Uses: Mahogany is widely used for furniture and cabinetmaking, office, shop and bank fitting, interior joinery, boatbuilding and vehicle bodies. It is extensively used for laminations especially in cold moulded processes. Rotary cut logs are used for plywood and sliced veneers for decorative work.
General Description: Mahogany's heartwood varies from light to deep reddish-brown. Grain straight to interlocked, moderately coarse textured to medium. Logs may have brittleheart or softheart and cross fractures or heartbreaks. Weight 540-590 kg/m³ (34-36 lb/ft³); specific gravity .54 to .59.
K. anthotheca has moderately good wood bending properties, the other types cannot be bent without severe buckling or fibre rupture. The bending strength is low, stiffness and resistance to shock loads is very low and the crushing strength is medium.
Dries rapidly with little degrade except where tension wood occurs, causing serious distortion. Small movement in service.

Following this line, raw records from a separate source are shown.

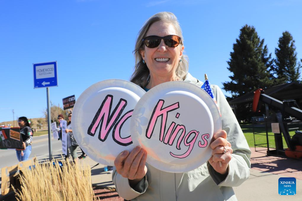 A woman takes part in a "No Kings" protest in Rock Springs, Wyoming, the United States, on Oct. 18, 2025. Tens of thousands of people took to the streets across 2,700 U.S. cities and towns on Saturday for the second round of the nationwide "No Kings" protests, the largest single-day demonstration in American history.
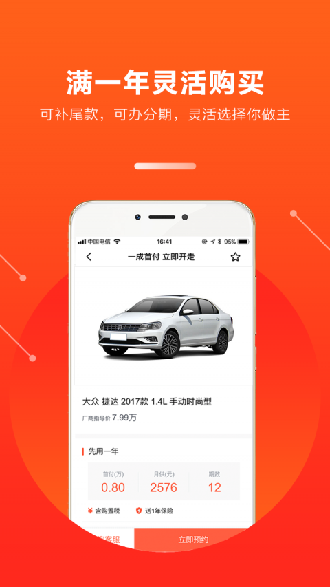 满1年可付尾款全额购买,也可分期3年购买
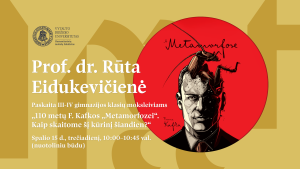 VDU Vokiečių dienų programoje visuomet atsiranda vietos ir kultūriniams akcentams – šiemet, minint F. Kafkos „Metamorfozės“ 110 metų sukaktį, prof. dr. Rūta Eidukevičienė kvies pažvelgti į šį vokiečių literatūros klasikos kūrinį visiškai naujomis akimis ir aptarti jo aktualumą mūsų dienų pasaulyje.
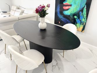 Black Oval Wood Dinning Table With White Leather Chairs $750Pembroke Pines, FL

Liable to insect attack. The heartwood is moderately durable but extremely resistant to preservative treatment and the sapwood is moderately resistant.
Family Name: Meliaceae
Latin Name: Khaya ivorensis
Distribution: West Africa
Also known as: Nigerian, Benin, Lagos or Degema mahogany; krala (Ivory Coast), mangona (Cameroon), munyama (Uganda); mbaua (Mozambique), mbawa (Malawi), mkangazi (Tanzania).